The microservice interface section (srv)

The field srv is used to describe the connectivity of a component, that is, the set of channels it exposes, or, as we refer to in Kumori Platform, its microservice interface.

A microservice interface consists of a set of client channels and a set of server channels. A client channel represents a dependency on some other microservice, whereas a server channel represents a functionality provided by the component through an endpoint.

The structure of the srv section is defined by this CUE code

srv: {
  client: [string]: #Channel
  server: [string]: #Server
}

Client channels are the fields of the structure introduced in the client field of the srv section. Server channels are the fields of the structure introduced by the server field of the srv section.

Client channels must adhere to the definition #Channel, which introduces the field protocol, to describe the channel’s protocol.

#Channel: {
  protocol: "udp" | "tcp" | *"http" | "grpc"
}

As seen in the definition, only four generic protocols are allowed. The purpose is to help developers/integrators by verifying compatibility at some level of connected channels. Currently, no verification is carried out, and a very basic ad-hoc verification is planned for the near future.

Note that in the absence of a protocol specification, the spec assumes "http" by default.

#Server: {
  #Channel
  port: uint16 | *80
}

Server channel specifications add an extra field to client channel specifications: the port number, which, by default is 80.

The following is an example of a srv section:

srv: {
  server: mainfunc: {
    protocol: "http"
    port: 8080
  }
  client: maindependency: {
    protocol: "http"
  }
}

The example defines a server channel named mainfunc, using protocol "http", operating at port 8080. It also defines a client channel, named maindependency, using protocol "http".

Duplex channels

In addition to client and server channels, a component’s microservice section can also define a duplex channel.

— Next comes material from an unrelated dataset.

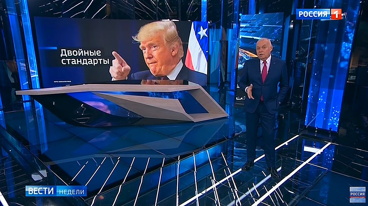 #Russia's state TV fails to condemn the #Khashoggi murder, referring to it as a "provocation against Prince Mohammed bin Salman." Host Dmitry Kiselyov enjoys the opportunity to mock the weak response by the U.S. & the UK, describing them as "snakes spinning on a skillet."
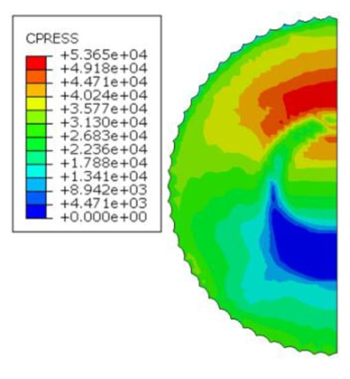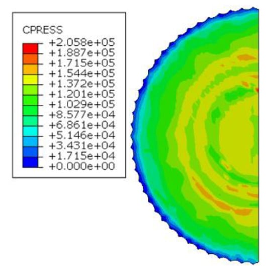 The surface-to-surface contact pair with an allowed finite sliding is applied to simulate the bucket–soil interface. The normal contact behavior between the bucket skirt and soil adopts the “hard” condition with no allowed separation after contact condition, while the tangential contact behavior is defined as “rough” contact condition to simulate the undrained behavior of clay [44,48,49].

Conceptually, duplex channels code both a client and a server channel. They are designed to model endpoints used to initiate requests as well as serve them. Duplex channels are useful in scenarios where a group of instances must carry out complex coordination protocols (e.g., consensus), and each one of those instances plays both a "client" and a "server" role.

Their definition follows the same pattern as that for the other types of channels

srv: {
  duplex: group: {
    protocol: "tcp"
    port: 8080
  }
}

Notice that duplex channels must also provide a port number (where the component binds to serve arriving requests)

Service discovery and client channels

Service discovery is the method by which a client can find the server endpoint it needs to initiate a request.

In Kumori Platform service discovery uses DNS resolution and client channels in a very straightforward way, according to the following rules:

Every service endpoint is represented as a dependency channel, that is, as a client channel.
A service endpoint may point to multiple versions of a dependency. Each such version is tagged by a number in the range 0…N, where N is the number of versions available.
- Notice that tag 0 always exists, and represents the only available version when only one version exists.
Each of the available service endpoints themselves can be reached using the client channel name, pre-pended with the tag number, as the name of the node providing the service. E.g., to discover the service behind a client channel chn, for its version tagged with number 0, a component should resolve the name 0.chn
The ports of those nodes providing the service can be found requesting the SRV records linked to the client channel name.
When a client channel is linked to a full connector, the set of server endpoints is returned when requesting resolution of the channel name.
When a client channel is linked to a lb connector, DNS resolution returns a load balanced address. However, resolution of the special subdomain set.<tag>.<channel> returns the full set of configured endpoints behind the lb connector. This is useful when load balancing is to be carried out from the client side.
The set of configured, but ready endpoints can be retrieved resolving ready.<tag>.chn.

Duplex channels need also resolution given their dual nature. Duplex channels are always connected to by full connectors, and the semantics should be that all connected instances belong to the same version of the "dependency" (e.g., all speak the same protocol).

This difference with client channels means that resolving a duplex channel make sense only to discover the set of duplex endpoints connected to the same full connector belonging to the same version of the component. Thus resolution of a duplex channel should be carried out without the use of tags.

In sum, service discovery is carried out by means of DNS name resolution, being transparent to the code of a component. For client channels, it just needs to use the channel name, pre-pended with the tag for the version it needs to use, as a node name to reach the service/version it needs to satisfy the dependency.

For duplex channels it just needs to resolve the name of the channel to retrieve all the instances connected to the full connector associated with the duplex channel.

Server channels, represent endpoints that a component’s code can bind to, and they should not be resolved.

The dual nature of duplex channels makes them also amenable for a component to bind to.

Service discovery can proceed resolving either A records or SRV records. Resolution for A records only returns the IP addresses of the endpoints. The port number to be used should be understood by the client code by some other means. Resolution of SRV records, however, will also return the port number for each instance.

self is a reserved name for channels. It cannot be used to name a user defined channel but it can be resolved, returning the IP of the main network interface for the component instance.